Thursday, September 11, 2008

Lecture1 - Uses of Financial Statements

Financial Statements

Financial statements are directed primarily towards investors and creditors. Outsiders to the firm.

Insiders to the firm use managerial accounting which may overlap with financial accounting but is a separate topic.

Government and labor are also interested in financial statements. Gov't for taxes and oversight. Labor to make sure they're being paid in accordance with the profit level that the company is earning.

A side note: Depaul faculty and staff used to receive the school's annual financial statements. They noticed that operating funds were transferred to the endowment. Usually it's the opposite. Faculty and staff raised the issue and it was dealt with.

Financial annual reports are available from http://www.annualreports.com/. SEC also has the info at edgar.sec.com. (EDGAR = Electronic Data-Gathering, Analysis, and Retrieval) It's not packaged very nicely though.

Another good, free site is finance.yahoo.com. Search/filtering capabilities are excellent.

Earnings.com informs you of key events (dividends, stock splits, etc) on a daily basis.

The Accounting Equation

Assets = Liabilities + Owners' Equity
  • This equation underlies the preparation of the balance sheet.
  • Basis for the "double entry" system
The Balance Sheet

Balance of assets, liabilities and owners' equity at a specified point in time.
Business assets and liabilities are kept separate from those of the owners.

Assets
Resources owned by the entity.

Is a very talented employee (for instance, a major league baseball player) under contract for 5 years an asset that would go on the balance sheet? It's an asset, but it doesn't go on the balance sheet. By convention, human resources are not on the balance sheet as an asset.
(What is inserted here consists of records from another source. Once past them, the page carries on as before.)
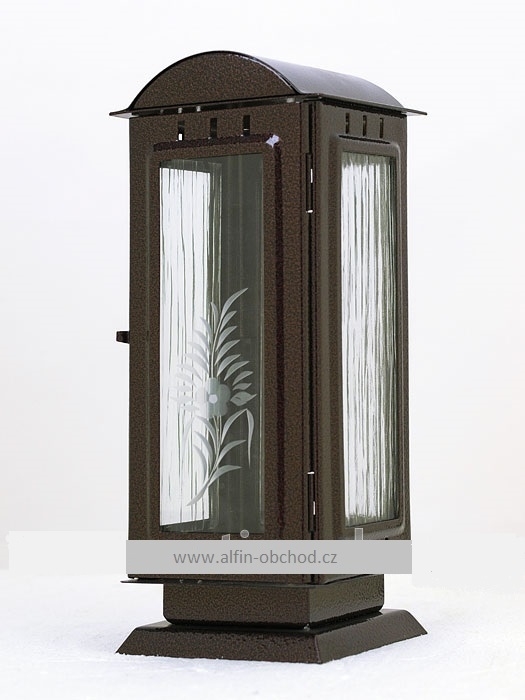 Svítilna na postavení na pomník, uchycení hmoždinkou, s oblou střechou.
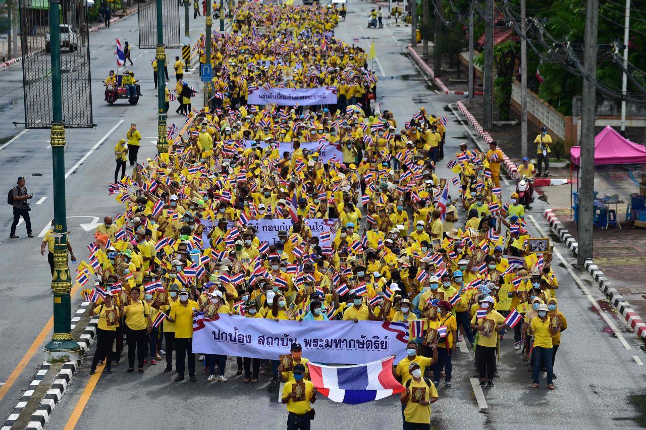 ประชาชนในหลายจังหวัดร่วมสวมเสื้อเหลือง เดินขบวน แสดงจุดยืนปกป้องสถาบัน พร้อมเปล่งเสียง ทรงพระเจริญ ตลอดเส้นทาง
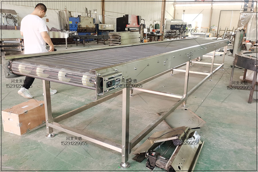 7.食品網(wǎng)帶輸送機(jī)可靠性高。結(jié)構(gòu)簡樸,運(yùn)動(dòng)部件自重輕,只要金屬網(wǎng)帶不被撕破,壽命可長達(dá)十年之上,而金屬結(jié)構(gòu)部件,只要防銹好,幾十年也不壞。
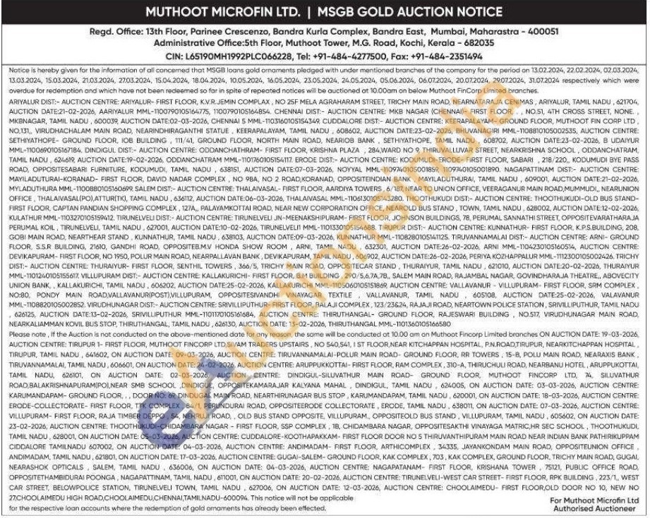 MUTHOOT MICROFIN LIMITED Gold Auctions Auction in Ariyalur

Goodwill is a complex topic and is not covered in this course.

Assets can be categorized as monetary (liquid), non-monetary (designated in monetary terms, but not as liquid) and non-physical.
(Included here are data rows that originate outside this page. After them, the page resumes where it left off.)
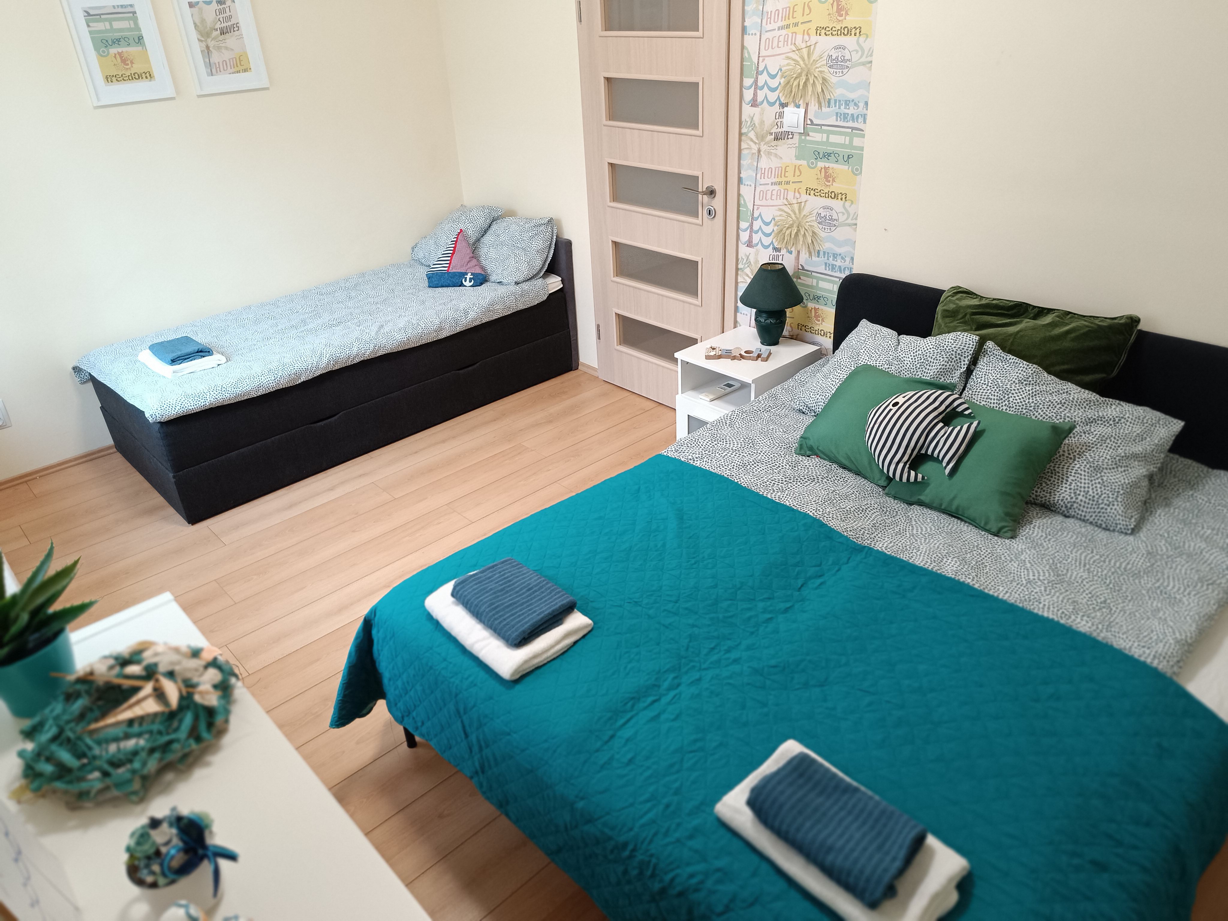 Az egyik hálószobában ágyszerkezetes franciaágy található. A másik hálószobában kétszemélyes kényelmes heverő van, ebből a szobából nyílik egy kisebb pihenőszoba is, ahol egy személy részére (pl. szülőkkel együtt aludni kívánó gyermek) pótágyazási lehetőség van. A harmadik szobában egy kétszemélyes kihúzható ágy biztosítja a kényelmes pihenést. Mindegyik szobát különleges tapéták teszik hangulatossá.
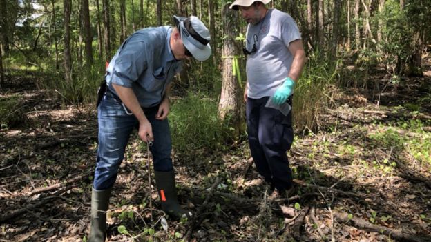 Геологи берут образцы грунта, чтобы исследовать изменения в его составе. Наличие определенных веществ может указывать на разложение тела вблизи
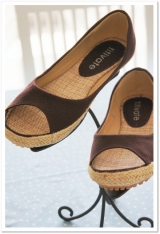 ジュートの夏らしい涼しげなイメージが魅力的な、当店オリジナルのフラットタイプのオープントゥーシューズです。
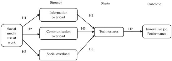 Moreover, technostress has also negatively affected employees’ innovativeness due to the imbalanced relationship between environmental demands (social media use) and exceeding their coping abilities. This threat can negatively impair their creative and critical thinking to produce or adopt, promote, and implement novel ideas [,,]. Therefore, it is posited that technostress resulting from social media overloads may reduce innovative performance, as supported by previous studies [,]. Therefore, the hypothesis is as follows:
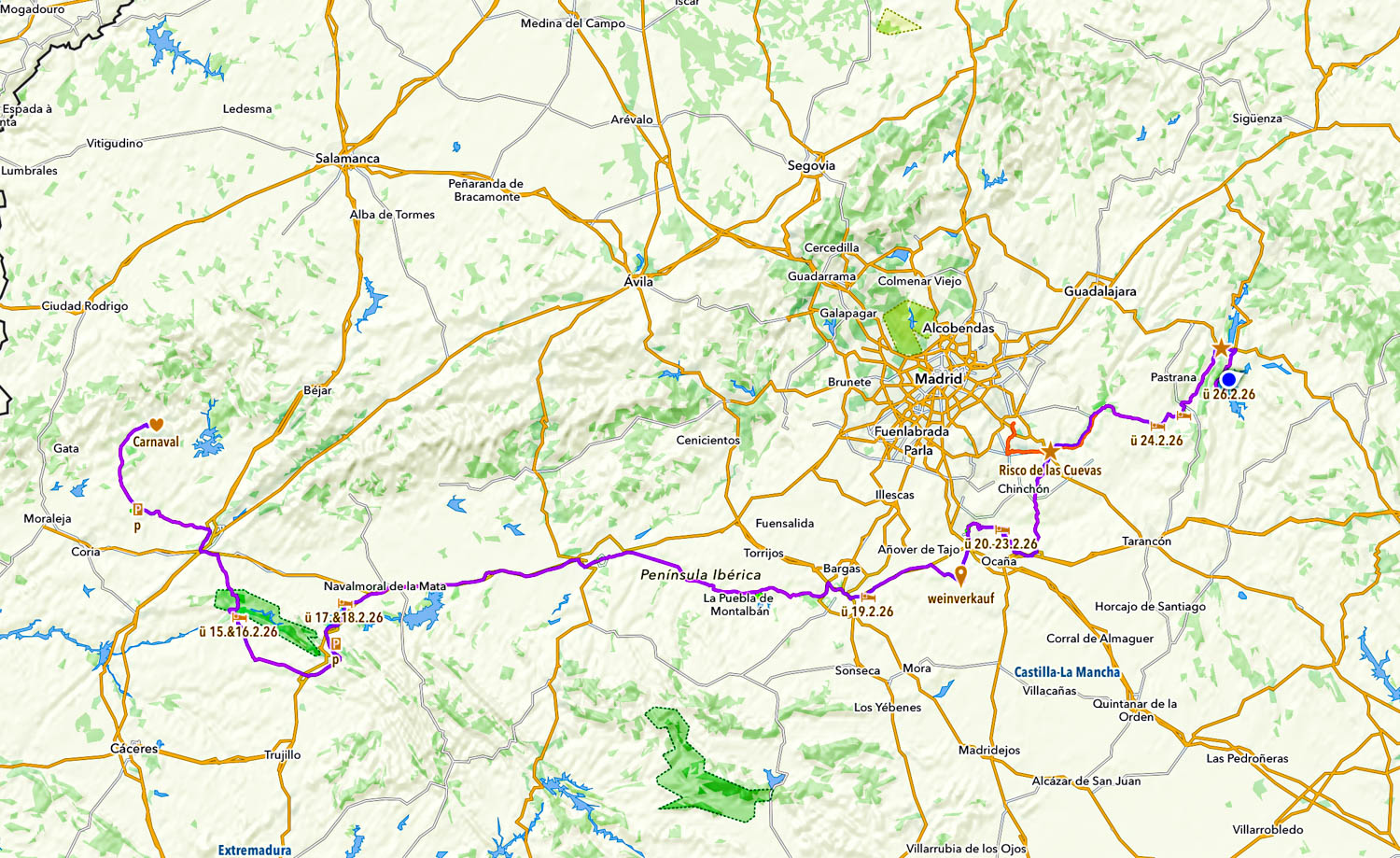 Die vielen Kalorien mussten wir wieder loswerden. Da bot sich die Via Verde del Tajuña an, eine ehemalige Bahnlinie und heute ein Fahrrad- und Wanderweg. Sie ist 50 km lang, wir parkten in der Mitte und fuhren einmal die östliche und einmal die westliche Hälfte hin und her. Bisher war das die schönste Via Verde.

Some facts about the firm (e.g. president is ill) may be important, but they do not appear on the balance sheet at all.

Liabilities
Commitments requiring future resources, usually cash.
Some liabilities are satisfied in other ways. For instance, if you receive payment for a prepaid subscription. This incurs a liability that is satisfied by delivering the product.

Owners' Equity
In a way, it's a residual: the difference between assets and liabilities. However, we don't calculate it like that.
Two components: Contributed capital (what investors have put into the business) and retained earnings (profit that the company has made but not returned to the stockholders).
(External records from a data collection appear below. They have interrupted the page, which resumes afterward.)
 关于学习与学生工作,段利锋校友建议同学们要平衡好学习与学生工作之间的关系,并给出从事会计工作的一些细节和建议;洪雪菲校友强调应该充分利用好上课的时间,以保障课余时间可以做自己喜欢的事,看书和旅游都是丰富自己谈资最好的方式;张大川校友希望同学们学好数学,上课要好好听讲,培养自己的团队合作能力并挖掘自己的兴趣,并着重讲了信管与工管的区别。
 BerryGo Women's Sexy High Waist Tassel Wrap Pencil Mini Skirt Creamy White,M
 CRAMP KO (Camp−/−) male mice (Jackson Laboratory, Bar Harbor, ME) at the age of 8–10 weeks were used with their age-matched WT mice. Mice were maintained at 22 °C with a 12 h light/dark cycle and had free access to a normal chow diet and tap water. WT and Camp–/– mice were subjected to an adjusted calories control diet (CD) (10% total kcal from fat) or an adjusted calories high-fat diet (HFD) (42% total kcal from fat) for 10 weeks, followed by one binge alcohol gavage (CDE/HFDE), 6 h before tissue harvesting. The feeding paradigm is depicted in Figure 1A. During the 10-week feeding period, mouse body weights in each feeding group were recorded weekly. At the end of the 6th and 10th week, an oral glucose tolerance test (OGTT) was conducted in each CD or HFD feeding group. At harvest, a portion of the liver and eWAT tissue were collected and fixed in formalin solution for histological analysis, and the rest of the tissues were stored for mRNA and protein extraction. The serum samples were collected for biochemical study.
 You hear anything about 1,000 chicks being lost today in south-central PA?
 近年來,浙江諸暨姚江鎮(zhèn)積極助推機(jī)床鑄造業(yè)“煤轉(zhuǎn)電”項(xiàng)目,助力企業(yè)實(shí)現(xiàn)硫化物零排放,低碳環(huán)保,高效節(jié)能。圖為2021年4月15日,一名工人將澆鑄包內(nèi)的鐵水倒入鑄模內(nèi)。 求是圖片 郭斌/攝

The Double Entry Bookkeeping System
Analyze how accounting events affect the accounting equation.
  1. Issue stock for $100k - Asset ($100k cash) and Equity increase.
  2. Buy car for $20k - No change - Just a transfer from one type of asset (cash) to another (vehicles).
  3. Purchase truck for $10k to be paid in the future - Assets (vehicles) and Liabilities (amount owed) both increase.
  4. Pay for the truck - Assets (cash) and liability (amount owed) both decrease.
  5. Sell services for $15k in cash - Assets (cash) and Equity (retained earnings) both increase by $15k.
  6. Sell services for $25k to be received in the future - Assets (accounts receivable) and Equity (retained earnings) by $25k.
  7. Collect the $25k - No change - Cash increases, accounts receivable decreases. Both are offsetting assets.
  8. Pay rent of $5k - Both Assets (cash) and Equity (retained earnings) decreases by $5k.
  9. Pay dividend of $7k - Both Assets (cash) and Equity (dividends) decrease by $7k.

Financial Statements

Balance Sheet
Implements the accounting equation A = L + OE at a given point in time.

Statement of Retained Earnings
Beginning Balance (from last year's balance sheet)
+Net Income
-Dividends
=Ending Balance (should match this year's balance sheet)

Income Statement
Record all items of revenue and all expenses to compute a net income. That net income is used in the statement of retained earnings, so it must be prepared first.

Statement of Cash Flows
This is complex. It'll be covered in the last class. For now: It focuses on the change in cash over the year. When looking at the statement of cash flows, analysts and others focus on where the cash came from: operating activities, investing activities, financing activities (borrowing).